Inferred tree position and size data fron NeonTree benchmark
Point clouds of Tallinn from the Estonia's geoportal and Warsaw from the Poland's geoportal
Individual tree locations from OpenStreetMap, OverpassTurbo API used in this study

Links to all geoportal point clouds used in this study (with an excess of some point clouds that contain no marked trees) can also be found in this repository's url directory. In the event that the URLs no longer work, they can still be used to identify the point clouds used.

Pre-extracted individual tree point clouds, generated synthetic scenes, and individual tree location query results can also be downloaded from the study's data release .
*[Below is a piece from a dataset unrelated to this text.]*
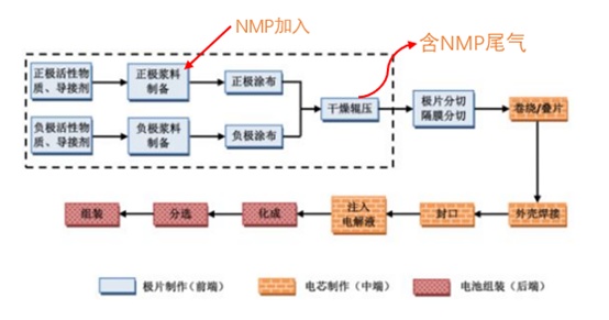 NMP在鋰離子電池行業的應用主要是在正極料漿制備(配料)和涂布階段。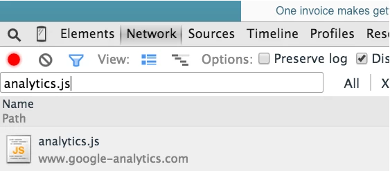 Click the Network tab and search for "analytics.js" and "rtp.js"

2. Extracting candidate individual tree point clouds

Set the paths to the required data, then normalize the process the data:

# height-normalize raw geoportal data
bash bash/pipeline/1_nornalize.sh

# extract initial isolated clusters
bash bash/pipeline/2_cluster.sh

# calculate cluster features and filter out unfit clusters
bash bash/pipeline/3_filter.sh

3. Inspecting individual tree point clouds

Inspect post-filtering individual trees in your favorite point cloud viewer. Create a filtered features.json for all individual trees that pass visual checks.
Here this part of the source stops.